Adherents of the first option say this: we'll choose the time when our audience (and one similar to it by parameters) is online, and show them the post. The reach will be huge.
Adherents of the second option counter: when there are many users online, dozens, if not hundreds, of posts are published every minute.
Your promotion will simply get lost among them — it's tough informational competition. We'll take a different path.
We'll publish the post at night, early in the morning, or on Sunday. Our audience, as soon as they're online, will see it.
And here's what the specialists at Rusability found in 2018 regarding the best time to publish posts, based on analyzing reactions to 295 publications in their own group.
Follower reach turned out to be widest in the second half of the day, from 3 to 6 PM, with a peak between 5 and 6 PM.
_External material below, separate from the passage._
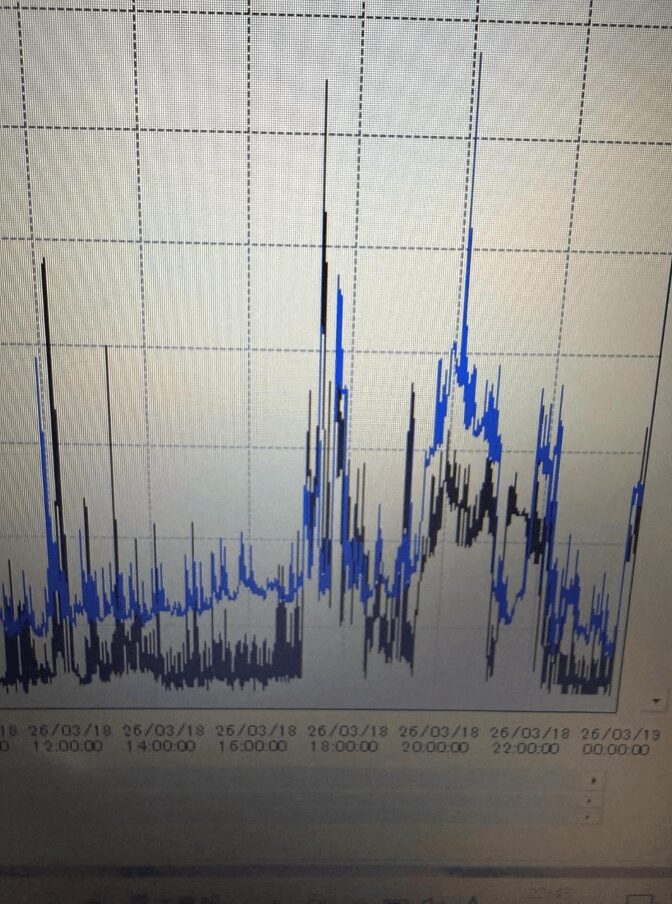 ▲ 約1週間の計測結果(青:R相、黒:T相)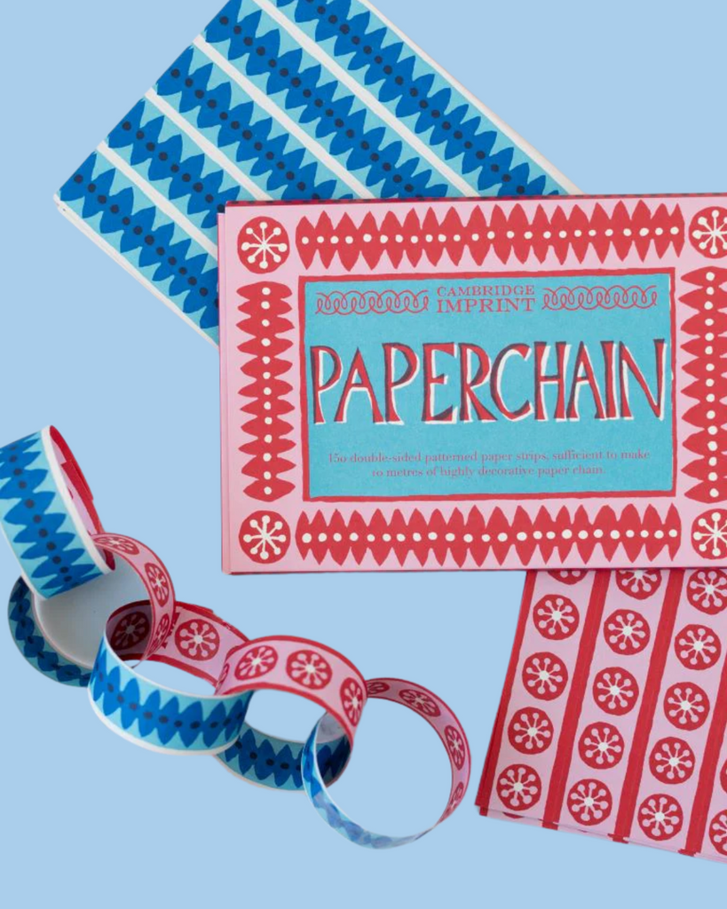Decorate your space and craft at the same time with this paper chain kit. Featuring 150 strips of double-sided patterned paper contained in a self-closing card wallet, it assembles to make a 10 metre chain of highly decorative garland.

Try it, analyze your audience's behavior, and choose the optimal time to launch a promotion.
Recommended reading:
Instead of a conclusion
We keep working with social media.
We rely on successful experience.
We add promotions to the promotion strategy.
We grow a loyal audience starting today!
…But the main thing that will make a promotion go viral, increasing reach exponentially, is an original and timely idea.
An example of a very successful non-commercial promotion is the group-promotion (an "anti-gloom flash mob") "Izoizolyatsia" on Facebook.
Created at the end of March 2020, aimed at those bored in quarantine/self-isolation, the group within 2 weeks reached almost 400,000 members.
The posts placed in the group gather an incredible number of reactions.
The owners of the group-promotion need to think about how to monetize the huge audience.
And it's important for businesspeople to take this experience into account when developing ideas for original promotions.
From life experience: to search for ideas, use keyword statistics for your topic, group them creatively, and look for hints.
This method of generating ideas definitely works!
Facebook and Instagram are active social media; by working with them skillfully, you can solve a whole pool of tasks: from drawing attention to a brand to growing sales and business profitability.
Write promotions into your marketing strategy if they aren't there yet.
They will definitely add variety to it, bring liveliness, and help maintain a good level of audience engagement on social media.
Discounts, gifts, contests, cross-marketing can become an excellent source of traffic to the company's pages.
And without traffic, there will simply be no one to sell your product to.